Seven years ago, she thought God had finally punished her for her misdeeds, her killings, her monumental straying from submission, from modesty, from the words of the Prophet. Although she put those unspeakable months out of her mind, she knew her punishment meant she could never be loved by a man ever again, even if she so wished. God had made sure of that.
And now God is punishing her again. This little boy, this idolizer of yellow mollusks, has been given their family ancestry, their heirloom, their connection to the original Kurds, her legacy. Why did her family do this? Why do they want to punish her? She has been faithful, in submission to Xwedê, ever since her return home three years ago. She is the perfect daughter, other than not marrying and having children. Is this why they told him about her family’s legacy of that accursed affliction? Is this why he now holds what is rightfully hers? Because she has no children?

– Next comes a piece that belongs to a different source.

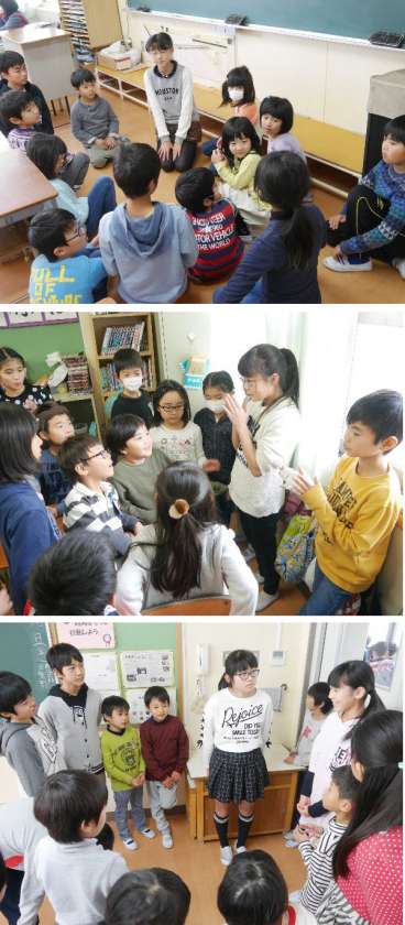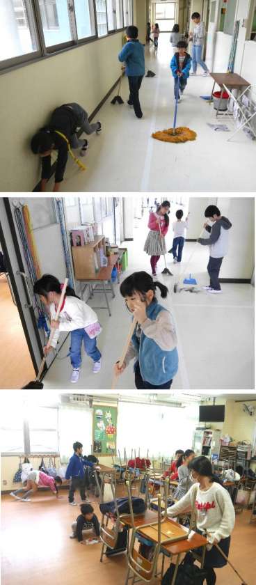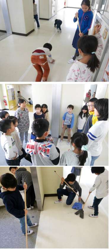 今週はたてわり清掃です。今日がその最終日でした。掃除が終わると、たてわり班ごとに意見をだしあって反省をしています。たてわり班の絆が深まりましたね。

And faster than Jean-Paul can stop her, Zara puts Peter’s hand into a wristlock, throws him to the ground, taking the pendant away from him, and plants her foot on the side of his head as he begs for mercy.
“This is mine. And do not ever, ever talk with my family. Ever again. What is theirs is rightfully mine,” she asserts as he writhes in complete fear of her. She glares at the priest, whom she increasingly distrusts, and says, “What is their secret is rightfully mine to be told. It is not for you or Alexander to hide from me.”